Yeah it probably is there really isn't many chihuahuas in this town at all at least none I see getting walked much so yup its probably is me!! I hate the whole stereotypical image of them in handbags it drives me a bit mad, Rocky loves his walks and its good for him, he is a dog after all!!

----------


## ducati

> Yeah it probably is there really isn't many chihuahuas in this town at all at least none I see getting walked much so yup its probably is me!! I hate the whole stereotypical image of them in handbags it drives me a bit mad, Rocky loves his walks and its good for him, he is a dog after all!!


Rocky ::

----------


## balto

i dont think  its the breed of the dog thats the problem, but its the owners and they way they treat the dogs, i mind years ago a golden lab puppy, he was the lovleiest little boy at teh start, but because he wasnt excatlly well treated and the kids were allowed to treat him  how they wanted, he turned snappy and in the end they gave him away, so any dog can have its spirit broken by the treatment it recieves.  i have a staffy collie x and he is the most loveliest dog you could meet, we got him form balmore when he was one.

----------


## cat

im still not getting it!so if my kids were playing in your garden that would be ok?just if i was to turn up to take kids away then the dog would guard them???
i try to understand,but think breed comes into it.or why would guys trying to act tough not have a poodle?and as for blaming owners,the staffy im scared of is owned by a middle aged proffesional couple with no hard guy image to live up to(and they have dog owning experience)and no-one can walk past their house! is this acceptable as they are guarding?

----------


## Crackeday

I'll hold my hands up and say I was ignorant of staffs. I used to think of them as devil dogs who were only owned by drug dealers and numptys!!!!! That was until I got to know a staff and fell in love with how  soft and loving they actually are. I loved them so much I now have 3 of my own!!! Goes to show what a bit of education and opening up your mind can do!  :Smile:

----------


## bullielove

> I'll hold my hands up and say I was ignorant of staffs. I used to think of them as devil dogs who were only owned by drug dealers and numptys!!!!! That was until I got to know a staff and fell in love with how soft and loving they actually are. I loved them so much I now have 3 of my own!!! Goes to show what a bit of education and opening up your mind can do!

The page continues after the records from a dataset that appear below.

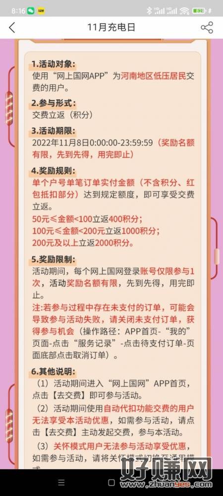 网上国网APP,河南用户,交200元及以上返2000积分,2000积分充电可以抵扣相当于10块钱。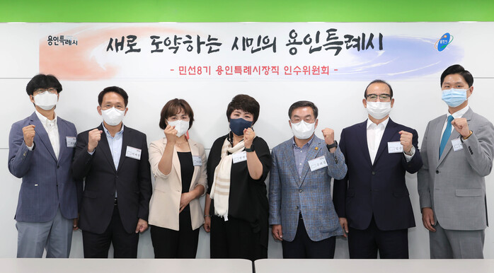 ▲용인특례시장직인수위원회 교육인프라 확충 TF단이 기념촬영을 하고 있다. |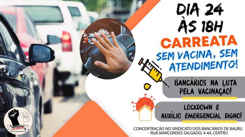 O Sindicato dos Bancários de Bauru e Região vai promover nesta quarta-feira (24), a partir das 18 horas, a carreata “Sem vacina, sem atendimento!” para protestar contra a demora na vacinação dos trabalhadores da categoria, que desde o começo da pandemia, estão gravemente expostos ao risco de contágio por coronavírus. Além disso, a manifestação pedirá “Lockdown já, com auxílio emergencial digno!”.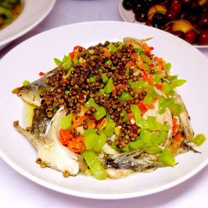 铺上辣椒上撒上盐和酱油料酒腌制一会,然后上锅蒸蒸熟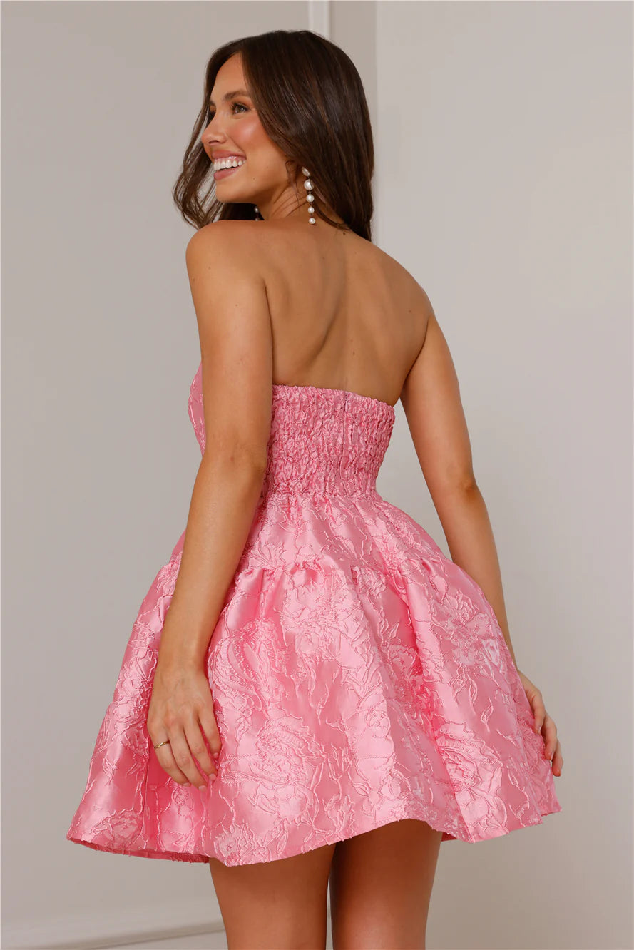 Lovely, this dress is on every girl's wishlist! The Silhouette Of Dreams Strapless Mini Dress features an elastic back, a textured pattern, and a flared skirt. Style with heels to make the skirt pop.

You are so right!  There is so much ignorance regarding the breed.  My staffie girl is a humans best friend, she would do anything to please you. That said she can be funny with other dogs.. Simple solution she doesnt get a free run when any strange dogs are about. To me it is about being a responsible owner, research the breed before you get one and if yours does have some unwanted behaviours take steps to ensure that they are not allowed to occur.  Now my bull terrier, the amount of people locally who have asked me if he is a pitbull, I dont mind as at least they ask and i can educate, and if they give him the chance, he wins everyone over who is willing to get to know him.  It does surprise me though how certain dogs are pigeoned holed into the apparantly dangerous pitbull label/ breed, though i dont recall reading anything about vicious bull terriers, if anything they are clowns who just love to have fun. 
There is research available to indicate that the most aggressive dog is the dachshund.. one in five dachshunds have bitten or tried to bite strangers, and a similar number have attacked other dogs; one in 12 have snapped at their owners. This is followed by chihuahuas then jack russells. |Interesting

----------


## Crackeday

I would love a bully, that's the wifes dream dog!!! Any kind of bully-bulldog, English bully, American bully but especially the English, she thinks they are gorgeous, if I won the lotto first thing shed want would be a bully!!!! If only  :Smile:

----------


## bullielove

> I would love a bully, that's the wifes dream dog!!! Any kind of bully-bulldog, English bully, American bully but especially the English, she thinks they are gorgeous, if I won the lotto first thing shed want would be a bully!!!! If only


you dont need to win the lotto for a bullie.. there are always loads of rescues needing homes..(the 3 in my avator are all rescues and all super)  I know where you are coming from though -I love bullies too, since getting my bull terrier I know there will always be one in our home.  - Our latest edition is a frenchbulldog.. Now he is super cute in a small package

----------


## dbooth82

cat ,yeah u  could put the kids in but they wont let you take them out ...its not just staffys ,my mate has a rotty in shes the biggest peted lump and would do the same , ,as for guarding what dog doesnt but not when you feel unsave walking past or any 1 else,that isnt on...yeah gets to me to ppl like that give staffys a bad name and rep just to be hard and cool,witch is so unfair.staffys are a magic breed ,i love them to bits and bullies are lovely to

----------


## cat

i just cant see how being so guarding is a good thing. i have four dogs(three dif breeds)and they are all true to their breed characteristics.all are great with kids,but you could take them back again! im glad you recognise your dogs problem with other dogs,something i wish others would do.
i am also aware that other breeds will bite,but breed usually comes into this too,as in how they bite,some nip,some shake and some just rip to shreds!
i do agree that it is often the owners fault,but i wish people would accept that certain breeds are bred for certain reasons and it is quite hard to remove that insticnt from them.

----------


## Carole

> i just cant see how being so guarding is a good thing.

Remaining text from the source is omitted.